I took a little class on cryptology once, and The Code Book and Cryptological Mathematics were our textbooks. I'm pretty sure they have the same data, but in The Code Book it's rounded. --Ravi12346 19:40, 30 July 2006 (UTC)[reply]


This pertains both to the "Letter frequency" section and the "Samples from a larger dataset" section. In the course of an NLP project I've been doing, I've parsed through the english Wikipedia dump and built up a vocabulary file. I've parsed this file (which takes into account word occurence counts as well, unlike the OED dataset presented earlier). I can provide first letter frequencies, all letter frequencies and last letter frequencies if that could help. I may also be able to share the source code to replicate this (the program is written in python with Gensim, Pattern3 and some numpy thrown in). The letter frequencies approach those given here (with some minor variance). It should also be noted that some foreign words creep in (depending on the subject matter of the Wiki articles), but only alpha characters between a-z have been tallied, even for those foreign words. — Preceding unsigned comment added by PGadoury (talkcontribs) 02:53, 18 December 2018 (UTC)[reply]

Query

[edit]

sth is a surprise in a list of high-frequency trigrams. On its own it's an abbreviation of south, and I can think of a few words containing it, but not enough to account for its listing here. Can anyone tell me what it is I haven't thought of?

I grepped a dictionary and came up with 414 results... admittedly, almost all of them you wouldn't use in conversation (try "somesthetic" and "chromesthesia"), but there are a couple like 'firsthand' and 'guesthouse' that aren't so outlandish.

is as has was / this the that there they

Trigraphs ignoring spaces may not be of great practical use though. Uldoon 10:33, 10 March 2006 (UTC)[reply]

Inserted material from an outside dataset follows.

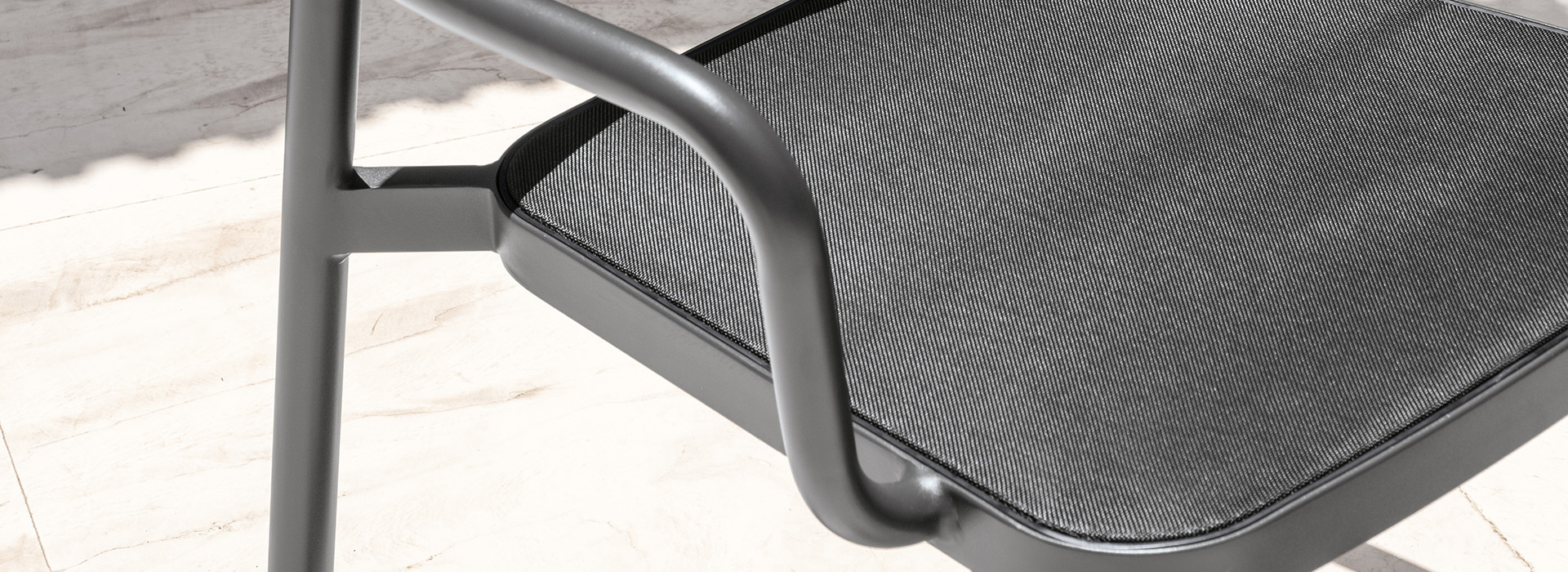 El Textilene es una fibra de poliéster protegida por un recubrimiento de PVC. Las fibras se unen entre sí para obtener un material fibroso particularmente sólido y duradero, resistente al estiramiento y a las roturas. Su característica más importante es su elasticidad; ofrece una excelente resistencia al moho y a las manchas, y cuenta con un tratamiento superficial contra la degradación por rayos UV.
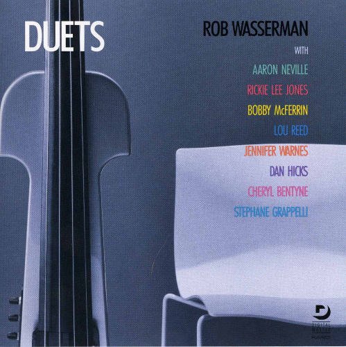 88年的专辑「Duets」是Rob Wasserman与众家歌手、乐手第一次的美感听觉接触。拥有浑厚磁性挑情音色Aaron Neville演唱57年名曲"Stardust"尽展纯情复古韵味,唱的是丝丝入古、醉人心坎;一出道即勇夺葛莱美奖最佳新进艺人的Rickie Lee Jones带点爵士风情演唱的"The Moon Is Made Of Gold"流露着稚情纯真的音质,完全解除听觉的武装;88年以冠军曲"Don’t Worry Be Happy"风靡欧美的纽约口技专家Bobby McFerrin在"Brothers"中纯以口技与贝斯快乐有致的轻松共指一番;人文民谣谣滚大将Lou Reed把吉他和贝斯完全的在一起将"One For My Baby(And One More For The Road)"Jam出老摇滚的味道;曾灌唱加拿大人文歌手Leonard Cohen作品成专辑「Famous Blue Raincoat」麻醉全世界乐迷的女声Jennifer Warnes再度选录Cohen的作品"Ballad Of The Runaway Horse",体现出清净的温暖嗓音与干净的贝斯乐声之间的心情对话;而Rob与小提琴巨匠Stephane Grappelli更把如雷贯耳的畅销歌"Over The Rsintow"好好的给他欢欣、华丽的Fusion一下,轻盈之中仍不失典雅风韵,其他如Dan Hicks、Cheryl Bentyne的精湛唱作功力亦不在话下。

Given that this seems suspicious, and that we have reproducable numbers from PG, might this section (and sections 1-4) be gotten rid of? Onepairofpants 14:38, 30 May 2006 (UTC)[reply]

I agree that the top portion of the page should be deleted. The sample size of that portion is 15000 characters with only 2700 words. And the input is definitely biased (license agreement from Sun, teaching philosophy of a computer science professor, letter of recommendation). This is probably why "sth" appears in the results.

American English

[edit]

contains a lot more "z"s than British English. 218.102.218.250 03:02, 5 April 2006 (UTC)[reply]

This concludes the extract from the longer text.